Thanks to the rise in AI-powered coding and data analysis tools, we all have an opportunity to streamline our SEO workflows with automations. Van Den Reym points to several cost-effective options that can help non-coder SEOs get started:
- Google Colab: Helps you write and run python code, easily share with colleagues via Google Drive, and requires little to no set-up. (Free.)
- Deepnote: Helps you use AI to do data analysis in python, helps you work with data warehouses and huge spreadsheets, and helps you create apps yourself. ($39/month)
- Claude: Helps you build interactive JavaScript applications and create publishable artifacts. ($20/month for the pro version.) (Note: Van Den Reym says Claude currently outperforms ChatGPT when it comes to writing and coding.)
So, now that you’ve got some new tools to try, what can you do with these tools that will help you with your SEO work?
Van Den Reym points out that there are some SEO tasks that can feel a bit… robotic. Identifying overly large images on your website and resizing each and every one? That can take ages if you’re doing it manually, but it doesn’t take a lot of human brainpower — Van Den Reym points to these sorts of repetitive SEO tasks as prime targets for the sorts of automations you can build with AI-powered coding tools.
SEOs can also use AI coding tools to build out apps that help with large-scale data analysis. Van Den Reym provides the example of redirect mapping for a website migration. Using Deepnote, he was able to build an app that can automatically analyze your old URL list against your new one — and provide the top 3 suggestions for which pages to match up for redirects based on meta title keywords in the ‘old pages’ vs. ‘new pages’ list.

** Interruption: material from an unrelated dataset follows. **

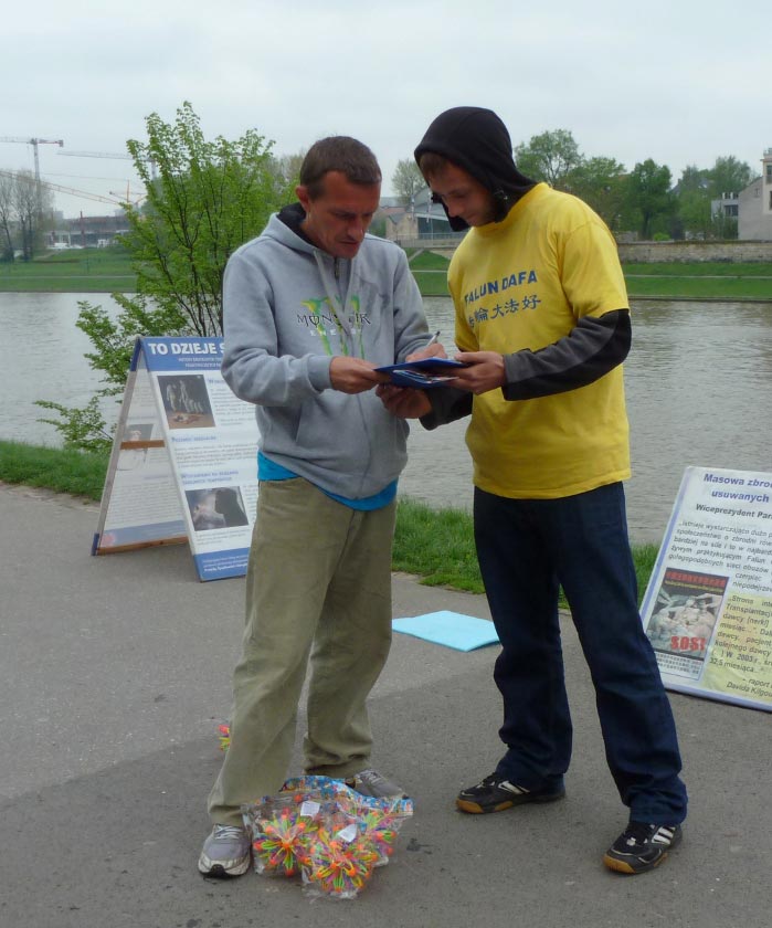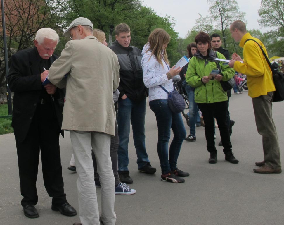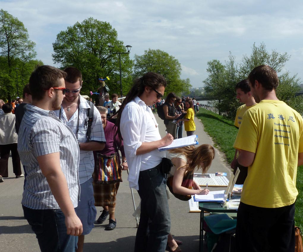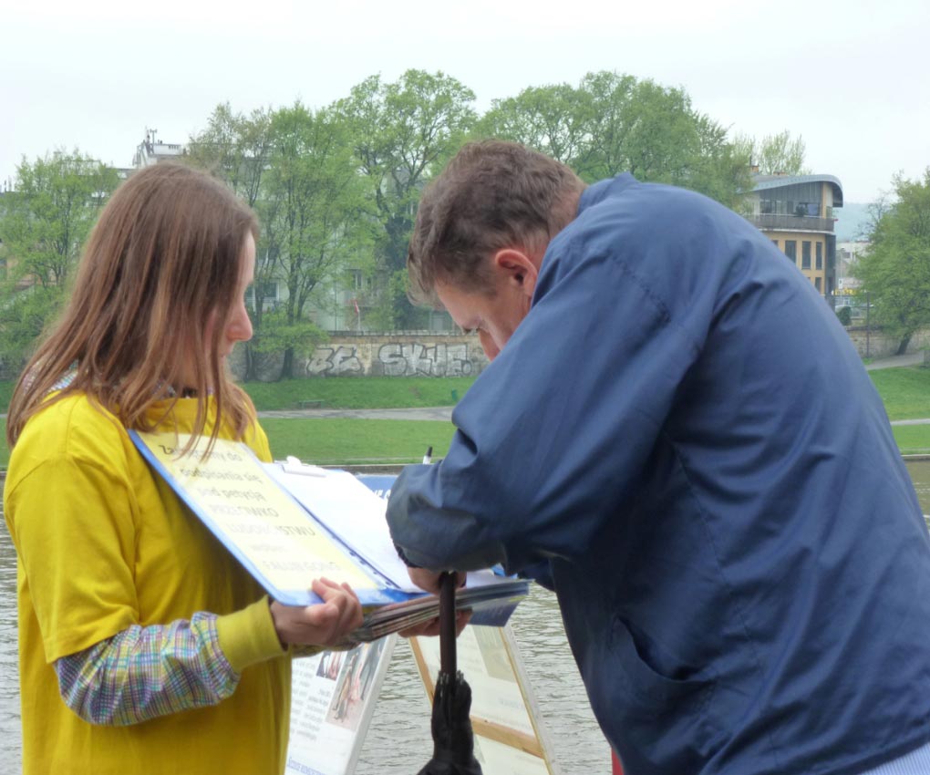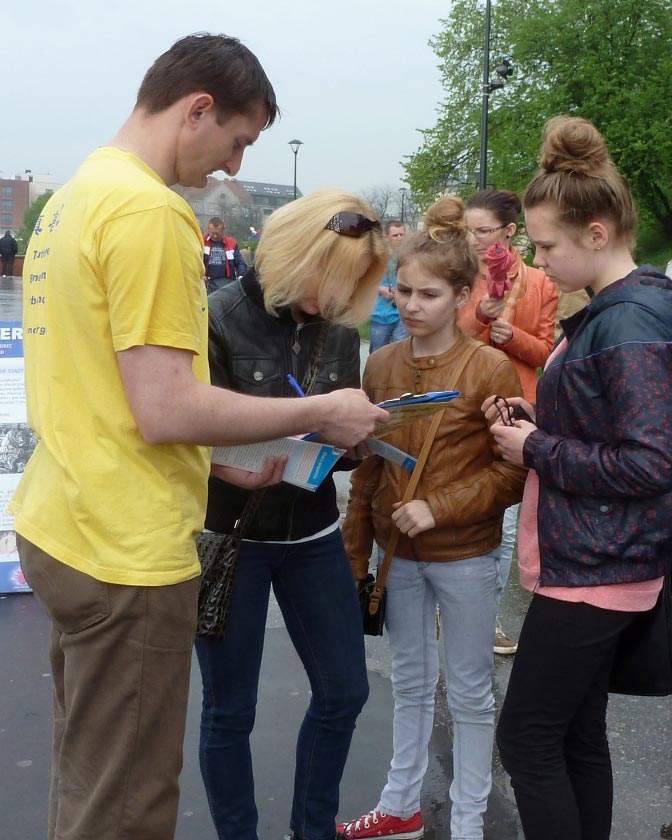 来自俄罗斯的一位先生说:“我在这里签名,不仅表达我反对这种迫害,也是表达我对法轮功的尊敬和敬佩,你们做得好,坚持住啊!”

Ready to start building your own SEO automations with AI tools? Van Den Reym offers a few general tips for getting started: start simple, embrace trial and error, use multiple prompts (so you can check the outputs at every step within the program and refine the prompts at each stage), start with a design document to help you plan, and don’t forget to bring a critical, human eye to the project. Most importantly, experiment — a lot.
“How will you work one year from now?” Van Den Reym asks, pointing out that the best way to create the future is to create it.